Model hamiltonians in density functional theory

TL;DR

This paper discusses the use of model Hamiltonians in density functional theory, highlighting how different choices can simplify the many-electron problem while maintaining the ability to approximate the real system's properties.

Contribution

It introduces the idea of using alternative model Hamiltonians with the same form as the physical Hamiltonian to systematically reduce approximations in density functional theory.

Findings

Model Hamiltonians can be chosen to reproduce the exact density.

Using Hamiltonians with the same form as the physical one allows systematic approximation improvements.

The approach facilitates closer approximation to the real many-electron system.

Abstract

The formalism of Kohn and Sham uses a specific (model) hamiltonian which highly simplifies the many-electron problem to that of noninteracting fermions.

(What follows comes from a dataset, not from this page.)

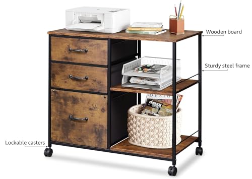 DEVAISE 3 Drawer Mobile File Cabinet Rolling Printer Stand w...

The theorem of Hohenberg and Kohn tells us that, for a given ground state density, this hamiltonian is unique. In principle, this density can be chosen as that of the real, interacting system. To obtain the energy, or other properties of the real system, approximations are needed. Working with non interacting fermions is an important simplification, but it may be easier to produce approximations with different choices of the model hamiltonian. The feature that the exact density is (ideally) reproduced can be kept in the newly defined fictitious systems. Using model hamiltonians having the same form as the physical one, that is, being built of one- and two-body operators, allows to approach the physical hamiltonian arbitrarily close, and thus a systematic reduction of the approximations.